*** Block opens ***

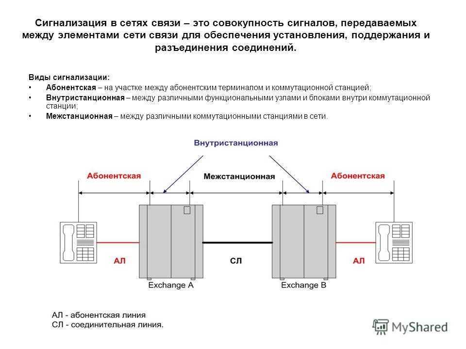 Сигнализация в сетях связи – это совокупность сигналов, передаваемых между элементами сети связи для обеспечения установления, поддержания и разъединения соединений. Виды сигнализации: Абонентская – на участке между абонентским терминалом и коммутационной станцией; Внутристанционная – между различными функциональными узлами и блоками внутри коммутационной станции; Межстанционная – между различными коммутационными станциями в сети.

*** Block closes ***
*** Block opens ***

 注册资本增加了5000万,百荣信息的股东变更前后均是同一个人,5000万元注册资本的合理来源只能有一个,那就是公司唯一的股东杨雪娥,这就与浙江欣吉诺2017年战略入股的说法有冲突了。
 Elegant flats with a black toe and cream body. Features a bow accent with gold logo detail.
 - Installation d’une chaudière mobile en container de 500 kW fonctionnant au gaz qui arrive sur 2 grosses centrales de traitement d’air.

*** Block closes ***

• _TASK DIRECTIONS_
Output exactly one stretch of the listing: from the line containing "注册资本增加了5000万,百" through the line containing "- Installation d’une", both end lines included.

• _EXPECTED OUTPUT_
 注册资本增加了5000万,百荣信息的股东变更前后均是同一个人,5000万元注册资本的合理来源只能有一个,那就是公司唯一的股东杨雪娥,这就与浙江欣吉诺2017年战略入股的说法有冲突了。
 Elegant flats with a black toe and cream body. Features a bow accent with gold logo detail.
 - Installation d’une chaudière mobile en container de 500 kW fonctionnant au gaz qui arrive sur 2 grosses centrales de traitement d’air.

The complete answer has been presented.